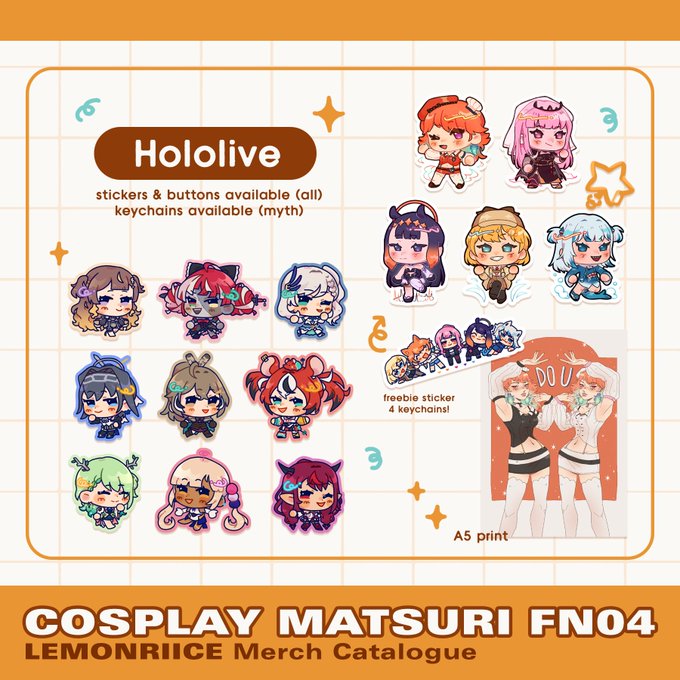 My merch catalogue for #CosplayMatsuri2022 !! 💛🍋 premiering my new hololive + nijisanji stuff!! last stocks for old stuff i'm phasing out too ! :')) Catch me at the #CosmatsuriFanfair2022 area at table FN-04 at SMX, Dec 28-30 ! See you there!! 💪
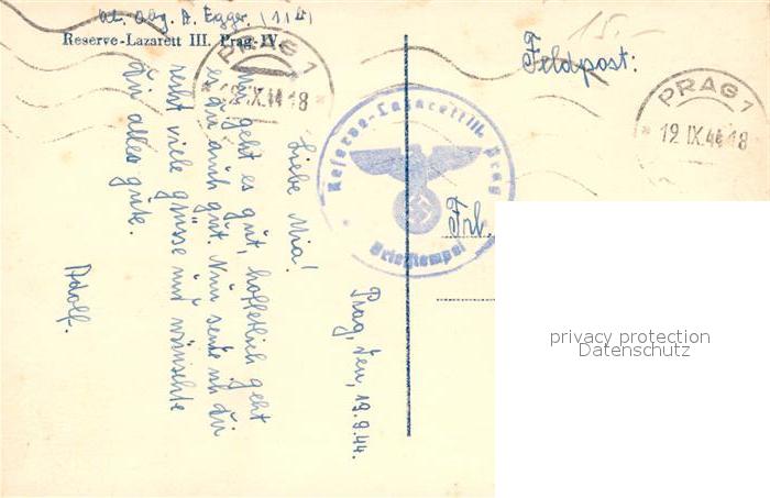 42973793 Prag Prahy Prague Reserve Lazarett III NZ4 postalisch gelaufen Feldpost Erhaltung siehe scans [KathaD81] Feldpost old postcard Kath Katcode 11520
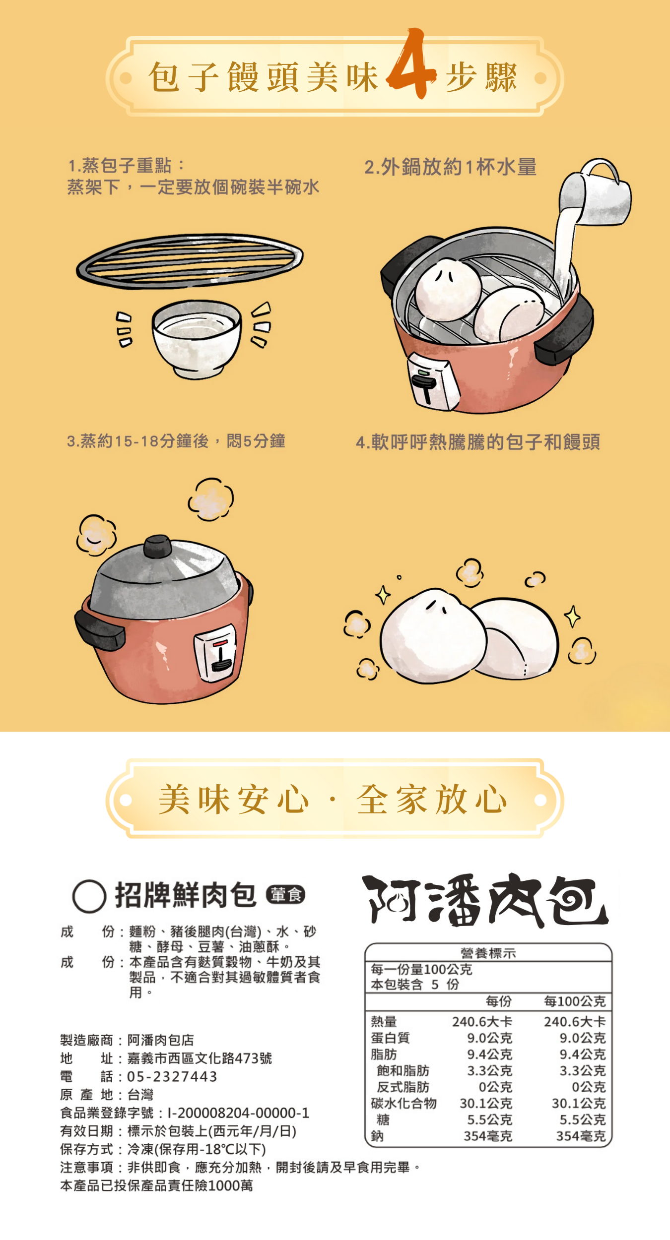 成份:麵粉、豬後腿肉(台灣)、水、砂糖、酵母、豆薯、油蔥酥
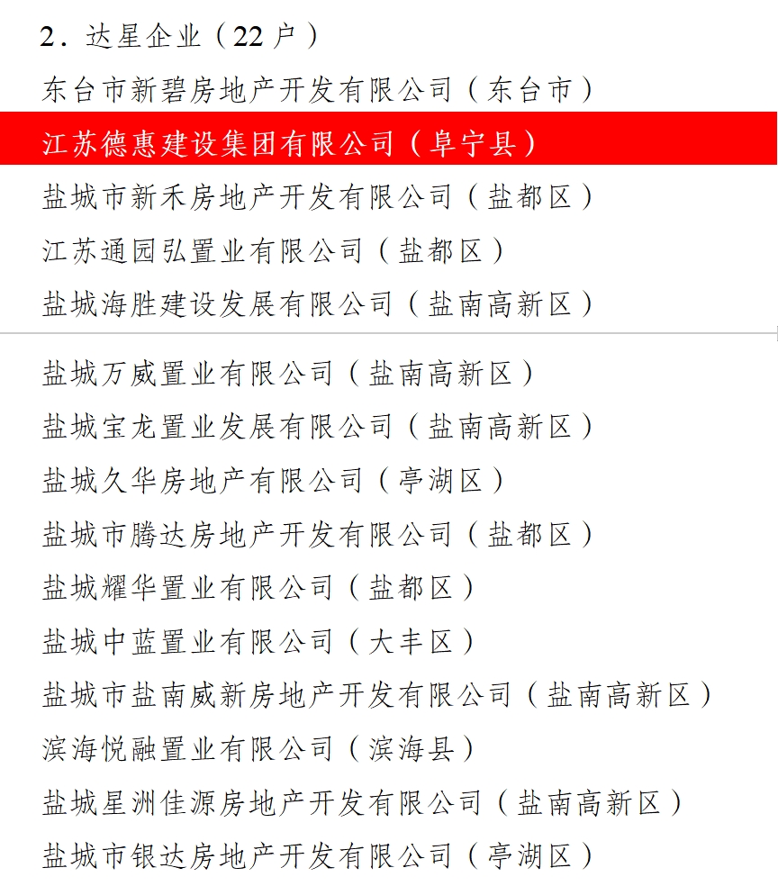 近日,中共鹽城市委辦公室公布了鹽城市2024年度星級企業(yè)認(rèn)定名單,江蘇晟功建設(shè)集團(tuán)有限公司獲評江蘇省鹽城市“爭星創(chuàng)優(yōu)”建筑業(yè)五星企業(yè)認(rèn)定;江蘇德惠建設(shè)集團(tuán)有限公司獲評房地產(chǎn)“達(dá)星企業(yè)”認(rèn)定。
***
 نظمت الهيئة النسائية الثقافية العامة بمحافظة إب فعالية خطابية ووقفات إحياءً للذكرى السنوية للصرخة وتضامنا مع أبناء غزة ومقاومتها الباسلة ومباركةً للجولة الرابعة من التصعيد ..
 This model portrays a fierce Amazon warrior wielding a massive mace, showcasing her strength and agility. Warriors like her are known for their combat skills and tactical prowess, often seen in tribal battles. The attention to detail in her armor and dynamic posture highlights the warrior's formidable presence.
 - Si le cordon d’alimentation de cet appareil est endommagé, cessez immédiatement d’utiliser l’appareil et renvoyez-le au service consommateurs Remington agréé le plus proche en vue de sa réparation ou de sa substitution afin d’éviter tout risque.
***
EXERCISE: Reproduce the data above exactly, but only the lines from the one showing "成份:麵粉、豬後腿肉(台灣)、水、砂糖、酵母、豆薯、油蔥酥" through the one showing "近日,中共鹽城市委辦公室公布", with both ends kept and the pictures left out.

RESULT OF THE TASK:
 成份:麵粉、豬後腿肉(台灣)、水、砂糖、酵母、豆薯、油蔥酥
 近日,中共鹽城市委辦公室公布了鹽城市2024年度星級企業(yè)認(rèn)定名單,江蘇晟功建設(shè)集團(tuán)有限公司獲評江蘇省鹽城市“爭星創(chuàng)優(yōu)”建筑業(yè)五星企業(yè)認(rèn)定;江蘇德惠建設(shè)集團(tuán)有限公司獲評房地產(chǎn)“達(dá)星企業(yè)”認(rèn)定。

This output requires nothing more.